Tzara participe à la naissance du mot Dada et a été le plus actif propagandiste du mouvement. La légende veut que Tzara et Huelsenbeck aient glissé un papier au hasard dans un dictionnaire Larousse, qui serait tombé sur le mot Dada, donc choisi comme nom du mouvement. Il a écrit lui-même les premiers textes Dada : La Première Aventure céleste de Mr Antipyrine. Archives INA, L’Europe des cultures : Tzara parle du mouvement Dada (diffusion en septembre 1963).

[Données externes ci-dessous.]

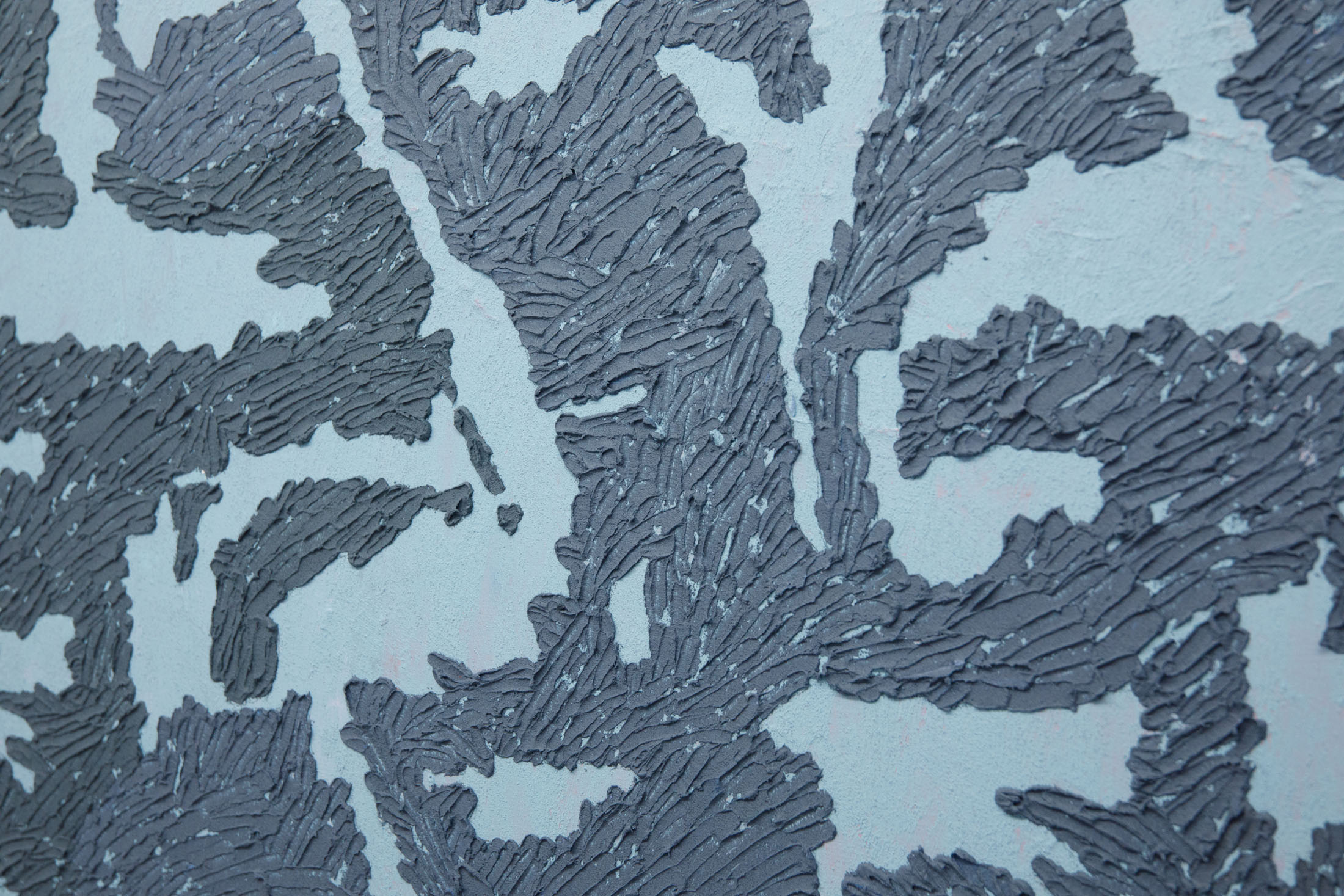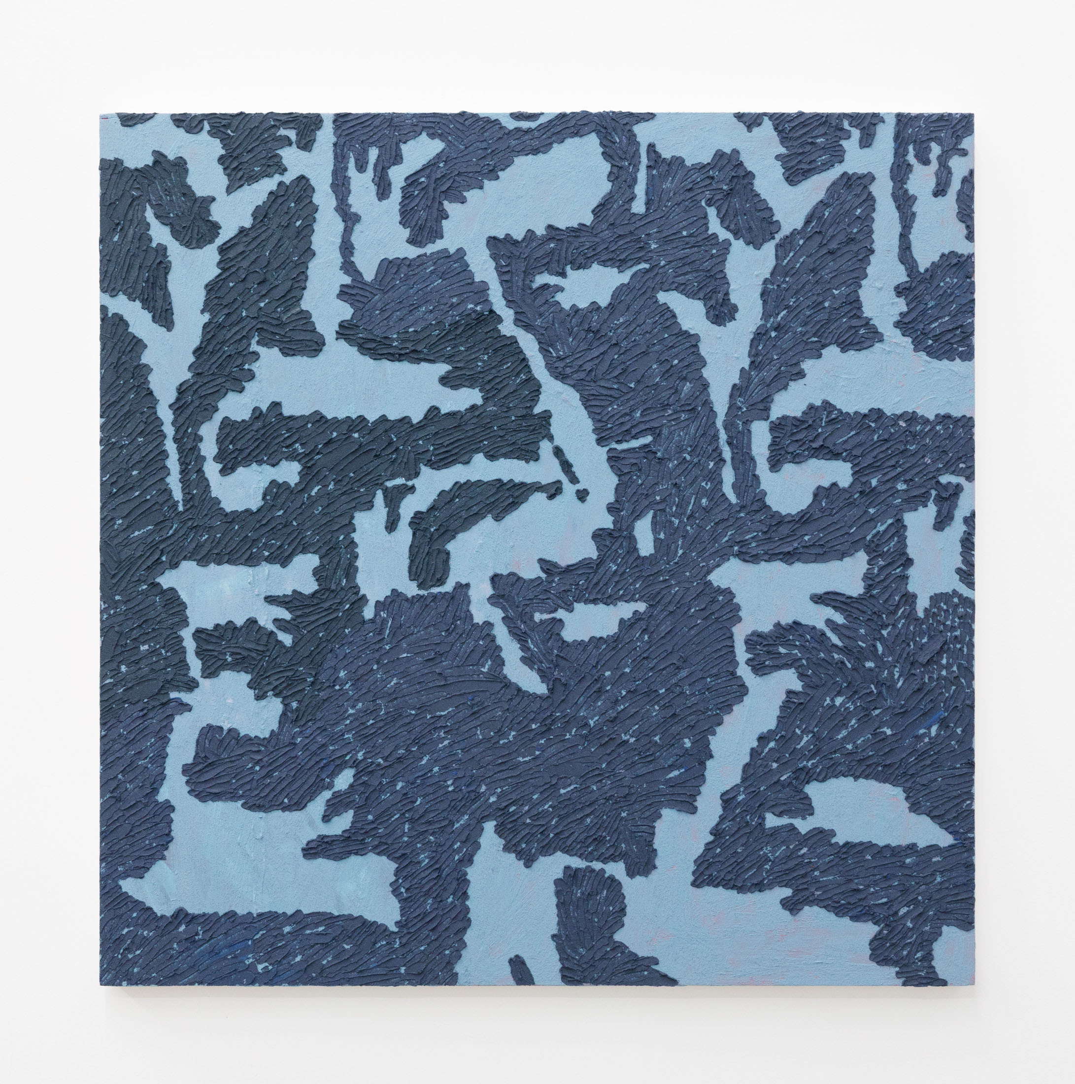 Layering shapes form the meaning of Kaur’s paintings. Panels of canvas are assembled together, emphasizing the work’s physical structure. Repeated gestures, accumulated paint, and overlapping surfaces become analogues for emotion and generational memory. These processes echo Kaur’s early studies in biology, which sharpened her attention to hidden systems, internal frameworks, and the accumulation of time. Rather than resolving these tensions, Kaur sustains them, allowing the paintings to remain dynamic spaces where meaning is continuously formed and undone.

1918 (22 ans). Vingt-cinq poèmes.

1920, janvier (24 ans). Tzara débarque inopinément à Paris, dans l’appartement de Picabia… Il rencontre Breton, Aragon, Éluard et Soupault et participe activement aux manifestations tapageuses et provocatrices qu’ils organisent.

1921 (25 ans). Des tensions se dessinent entre Tzara et Breton.

P14103551923, juillet (27 ans). La soirée du Cœur à Barbe organisée par Tzara est violemment perturbée par les Surréalistes (Breton, Aragon, Éluard et Péret). C’est « l’agonie des amitiés » dira Philippe Soupault.

1924 (28 ans). Sept manifestes Dada, recueil de manifestes lus ou écrits entre 1916 et 1924. Tzara marque son refus du surréalisme face à la publication du Manifeste du surréalisme par André Breton.

1924-1929. Le repli : urant cinq années, Tzara se tient en retrait de l’agitation qu’il a connue.

1925 (29 ans). Mariage avec Greta Knutson, artiste et poète suédoise.

1926 (30 ans). Il fait construire par l’architecte autrichien Adolf Loos une maison au n°15 de l’avenue Junot (Paris). L’auteur de Ornement et Crime conçoit une maison aux lignes épurées où Tzara installe ses collections (l’art de son temps mais aussi des objets venus d’Afrique, d’Océanie ou de Méso-Amérique – collection commencée dès 1916) ainsi que son abondante bibliothèque.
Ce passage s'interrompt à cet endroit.